A final step is needed to bind the new map to your binding classes. In my case, I'm using the Jackson JSON processor Java library to marshal/unmarshal Java objects exchanged with client applications. A key serializer and a key deserializer allow me to use the new map with Jackson:

public class MongoDBSafeKeySerializer extends StdSerializer<MongoDBSafeKey> {

  public MongoDBSafeKeySerializer() {
    super(MongoDBSafeKey.class);
  }

  @Override
  public void serialize(final MongoDBSafeKey value, final JsonGenerator jgen, final SerializerProvider provider) throws IOException, JsonProcessingException {
    if (value == null) {
      jgen.writeNull();
    } else {
      jgen.writeFieldName(value.getKey());
    }
  }

}

import static MongoDBSafeKey.escapeMapKey;

public class MongoDBSafeKeyDeserializer extends KeyDeserializer { 

  @Override
  public Object deserializeKey(final String key, final DeserializationContext ctxt) throws IOException, JsonProcessingException {  
    return escapeMapKey(key);
  }

}

Register these classes with Jackson before processing any message coming from your clients and you're done:

import com.fasterxml.jackson.annotation.JsonInclude.Include;
import com.fasterxml.jackson.databind.ObjectMapper;

public final class MongoDBJsonMapper {

  public static final ObjectMapper JSON_MAPPER = new ObjectMapper();
  static {
    // apply general configuration
    JSON_MAPPER.setSerializationInclusion(Include.NON_NULL);
    JSON_MAPPER.setSerializationInclusion(Include.NON_DEFAULT);
    // register external serializers/deserializers  
    final SimpleModule simpleModule = new SimpleModule("MyModule", new Version(1, 0, 0, null, "com.github.etorres.codexposed", "mymodule"));
    simpleModule.addKeySerializer(MongoDBSafeKey.class, new MongoDBSafeKeySerializer());
    simpleModule.addKeyDeserializer(MongoDBSafeKey.class, new MongoDBSafeKeyDeserializer());
    JSON_MAPPER.registerModule(simpleModule);
  }

}

Now you can use the mongoDB-safe map in your code:

// create a new map escaping the key
final MongoDBSafeMap<MongoDBSafeKey, String> safeMap = new MongoDBSafeMap<>();
map.put(escapeMapKey("$this.is.an.invalid...key."), "Hello World!");

// serialize to JSON
final String payload = JSON_MAPPER.writeValueAsString(safeMap);

// deserialize from JSON
@SuppressWarnings("unchecked")
final MongoDBSafeMap<MongoDBSafeKey, String> safeMap2 = JSON_MAPPER.readValue(payload, MongoDBSafeMap.class);

// create a mongoDB document
final Document doc = new Document(safeMap.toMap());

An additional advantage of this approach is that you can use the new map in your REST services and clients.

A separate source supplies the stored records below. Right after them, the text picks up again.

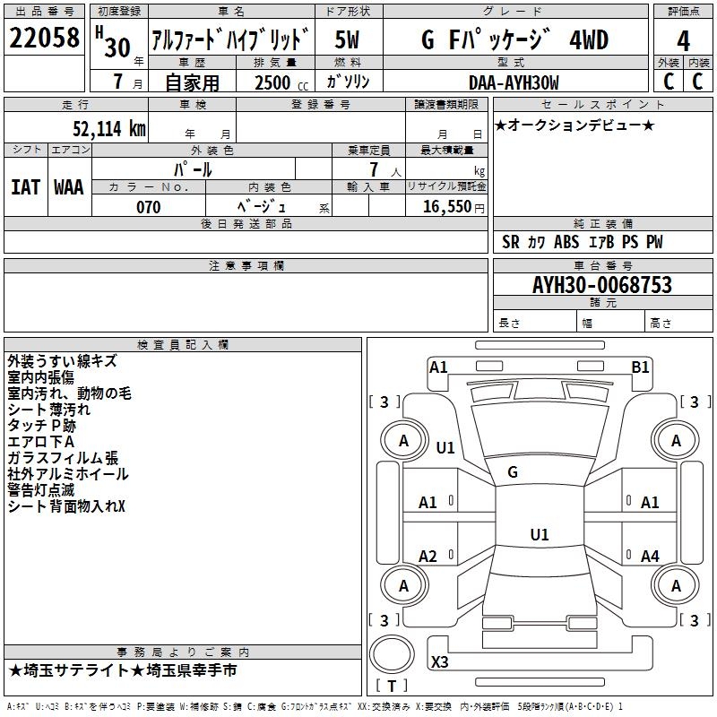 TOYOTA ALPHARD HYBRID G F PACKAGE 4WD - лот 22058
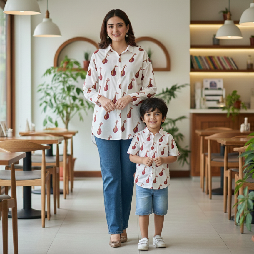 Celebrate the beautiful bond between mother and son with our elegant Sitar Print Twinning Shirts, crafted in soft and premium Cotton Poplin fabric. Designed to bring together culture, comfort, and coordinated style, these matching shirts add a touch of charm to every moment—whether it’s a family outing, festive gathering, or a day full of fun.
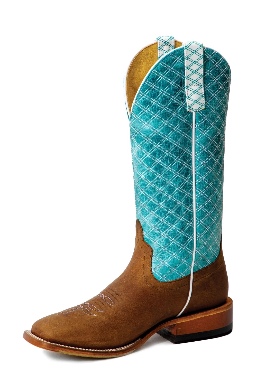 Styled with a hybrid outsole and a stirrup-friendly western heel, you can’t go wrong with this turquoise Western fashion boot.
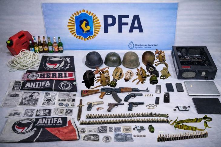 Durante el allanamiento también se incautaron banderas con consignas antifascistas, insignias del movimiento Antifa, banderas palestinas y pines con amenazas dirigidas contra el presidente Javier Milei y otros funcionarios nacionales.
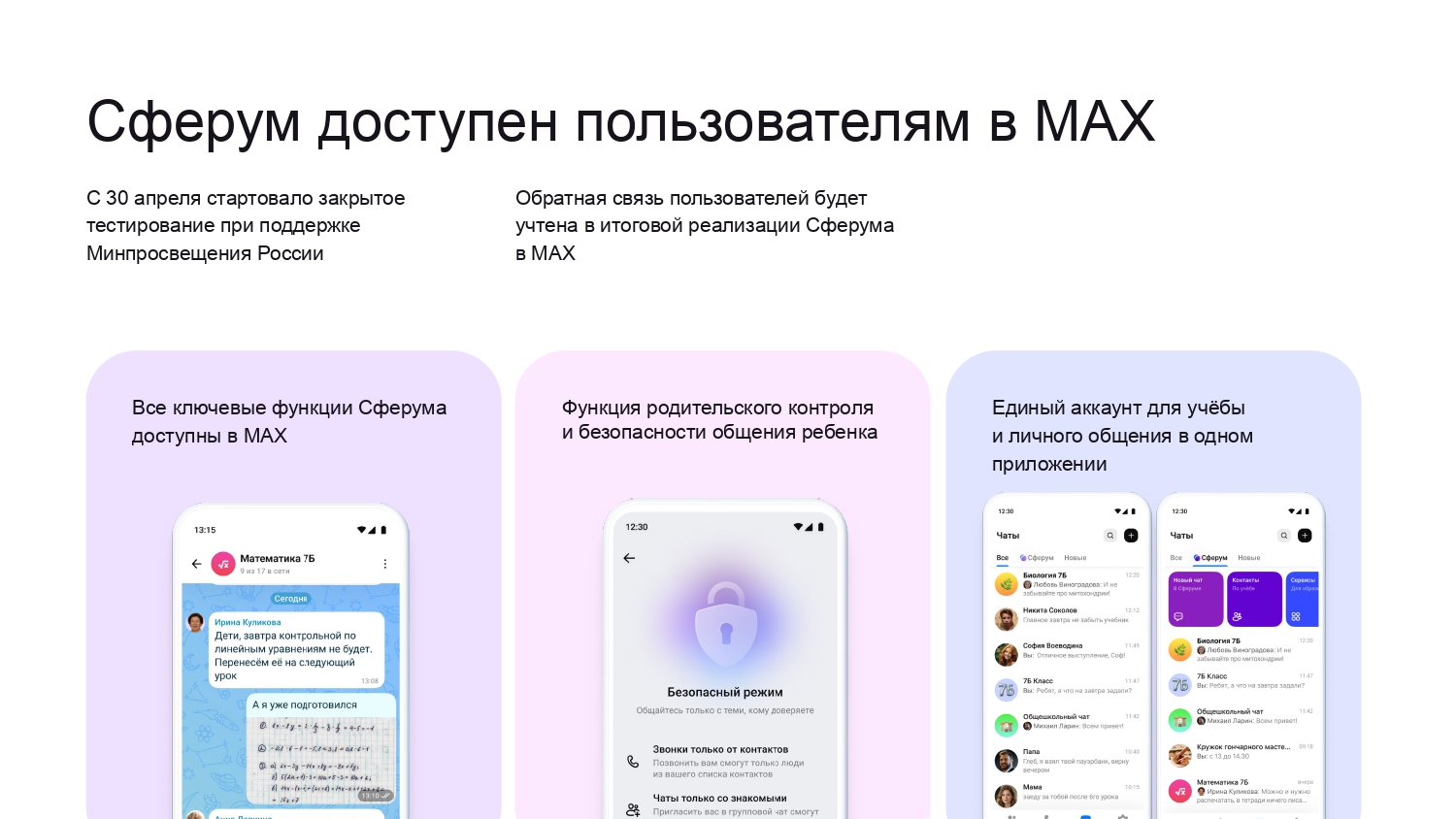 Обращаем ваше внимание, что Постановление Правительства РФ № 1241 продолжает действовать. Это означает, что все коммуникации, связанные с образовательным процессом, должны осуществляться исключительно в пространстве Сферум. Сервис Сферум сейчас проходит процесс интеграции в платформу MAX. Изменения призваны улучшить пользовательский опыт. Сферум в МАХ имеет ряд существенных преимуществ:
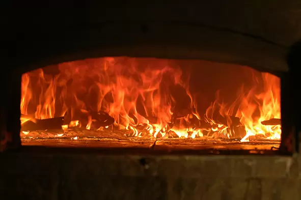 Im Vorraum (Fiirhüss, Chuchi) wurde inzwischen der Backofen angeheizt, d.h. in der Backofenhöhle wurde ein Feuer (meistens von mallum Holz , Holz von Laubbäumen) angezündet. War die Hitze gross genug (die wurde jeweils von einem Spezialisten nach Gefühl bestimmt), wurden die glühenden Kohlen entfernt, der Backofen mit einem Tuch gereinigt und die Laibe mit einer Holzkelle mit langem Stiel eingeschossen (in den Backofen gelegt). In einem Backvorgang wurden 50 bis 60 Brote gebacken.
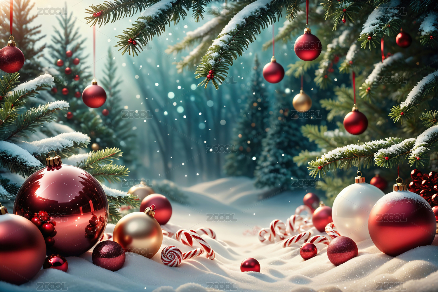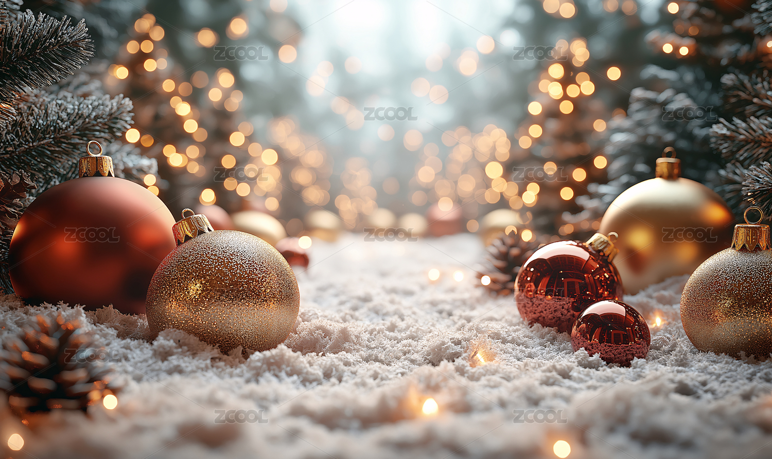雪地圣诞礼物与装饰球
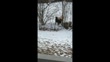 A golden retriever in Auburn Hills, Michigan, made sure his black labrador friend knew he was ready to play, barking from the snow-covered yard belonging to his neighbor. This footage, shared to https://www.tiktok.com/@colleensmith419/video/7471732902368234795">TikTok by Colleen Smith, shows the golden retriever calling out to his playmate, before the camera pans to the black lab named Willie as he excitedly descends the stairs to be reunited with his friend. "We used to think he was just barking to go back inside until we realized he was barking for Willie," Smith captioned the video. The duo were then seen lapping up each other's company as they played in the snowy yard. (Footage by Colleen Smith/Storyful via Getty Images UGC)
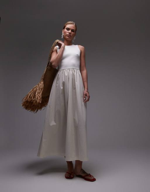 Topshop – Popelinowa sukienka maxi w kolorze złamanej bieli
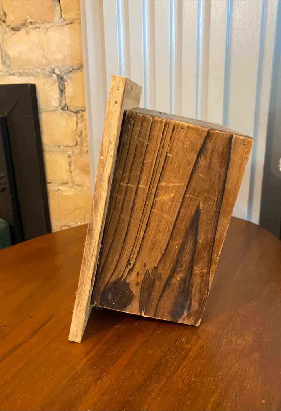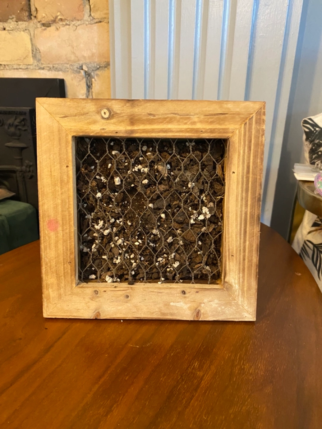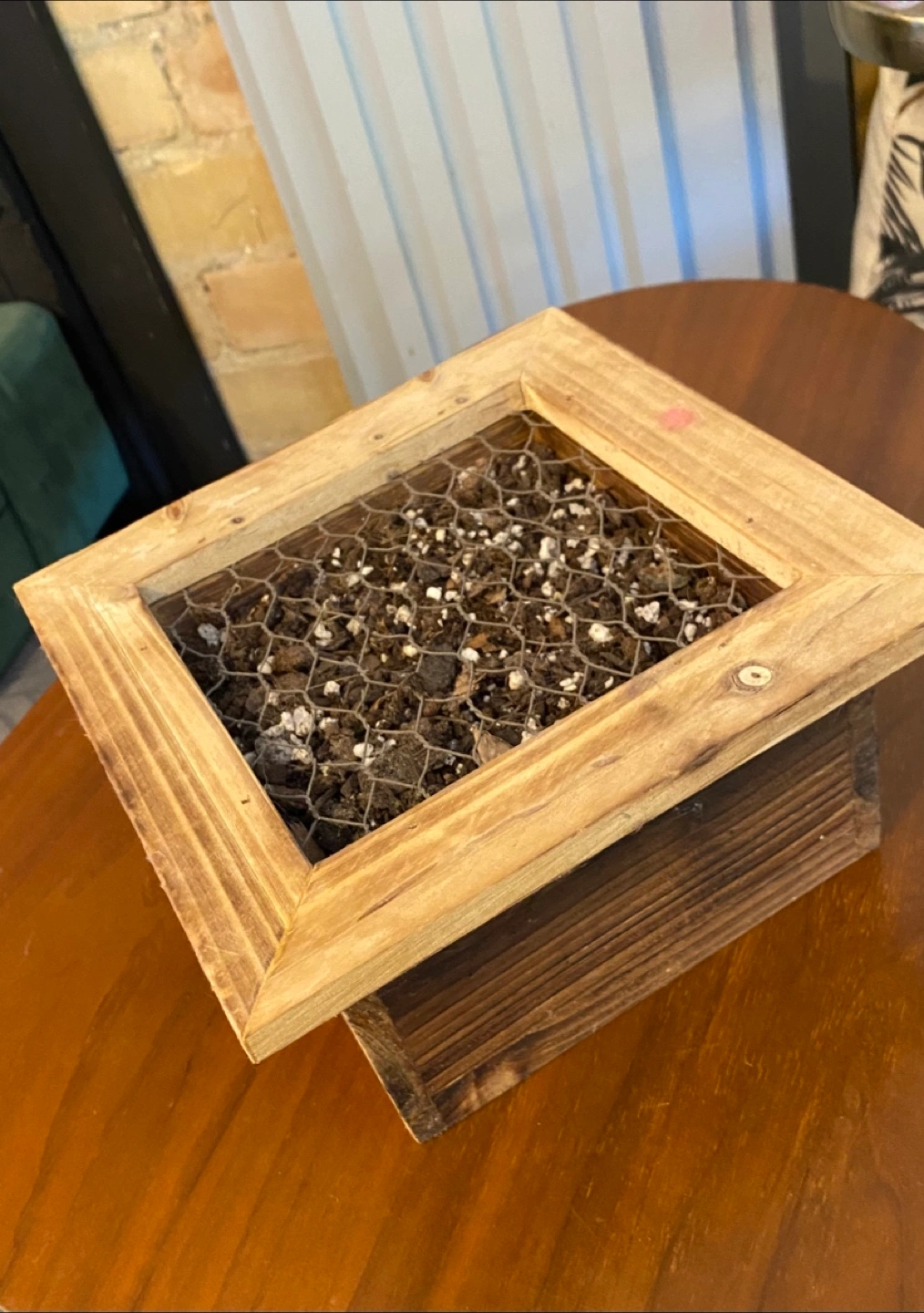 Small square planter box. Made of wood. Features chicken wire insert. Perfect for succulents or small plants. Ready for your greenery!
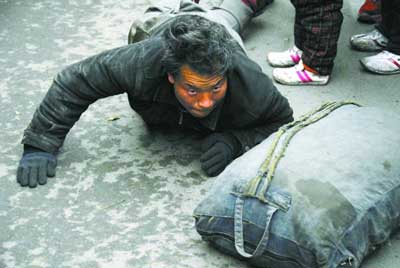 昨日下午3時(shí)許,張先生反映,一“精神正!钡拿窆ぴ卩嵵菔袞|三馬路上爬行,且已爬行了幾百米。而蹊蹺的是,民工竟拒絕幫助,連路人給錢(qián)都不要。
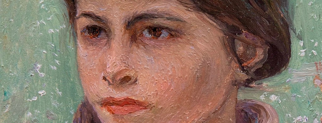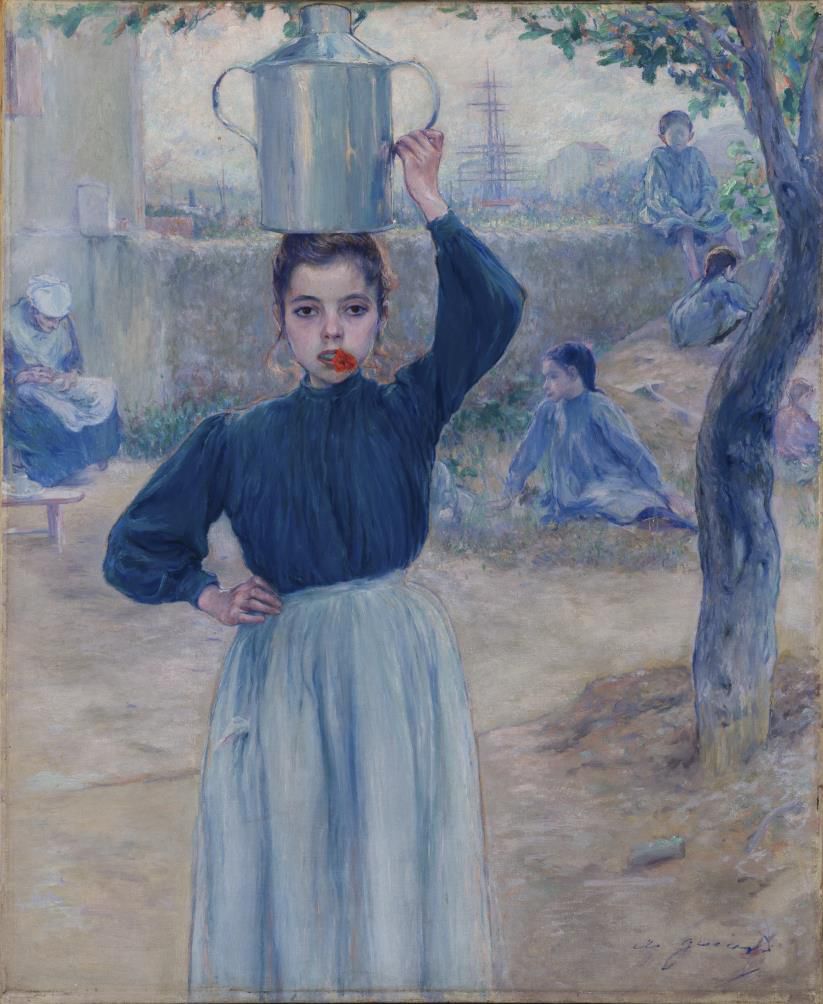 Diez años después de pintar a la niña del peine en mano, instalado ya en Deusto, cerca de la curva de Elorrieta, en un entorno suburbial donde se entremezclaban caseríos, huertas, fábricas, muelles portuarios y viviendas obreras, Guiard encontró esta otra aldeana a la que armonizó cromáticamente en azules, ocres, blancos y verdes, una materialización espacial del color azul, como apuntó Unamuno, y en la que el reflejo dorado del sol en sus cabellos recogidos sobre la nuca juega un discreto papel, casi imperceptible, pero sustancial. Una vez más, una niña y su cabellera. Como sobre esta cantinera, verdadero icono del Bilbao de 1903, ya escribí en otra ocasión, dejo aquí el enlace para quien lo quiera ver.

First, create a provider to inject your object mapper:

import static MongoDBJsonMapper.JSON_MAPPER;
import javax.ws.rs.ext.ContextResolver;
import javax.ws.rs.ext.Provider;
import com.fasterxml.jackson.databind.ObjectMapper;

@Provider
public class MapperProvider implements ContextResolver<ObjectMapper> {

  @Override
  public ObjectMapper getContext(final Class<?> type) {
    return JSON_MAPPER;
  }

}

Finally, register the provider with your JAX-RS implementation. For example, in the case of Jersey:

import static com.google.common.collect.Sets.newHashSet;
import javax.ws.rs.core.Application;
import org.glassfish.jersey.jackson.JacksonFeature;

public class MyApplication extends Application {

  final Set<Class<?>> classes = newHashSet();
  final Set<Object> instances = newHashSet();

  public MyApplication() {
    // create your resources here
    // instances.add(new MyResource());
    // register additional JAX-RS providers
    classes.add(MapperProvider.class);
    classes.add(JacksonFeature.class);
  }

  // class implementation

}

Conclusions

In this post, I offer a solution to the problem of storing user-provided keys with mongoDB reserved characters. The solution works with the JSON processing library Jackson and can be easily adapted to work with a REST API.

A complete working example is available on my GitHub account under the Apache License, version 2.0. Convenient test cases are provided with JUnit and Maven.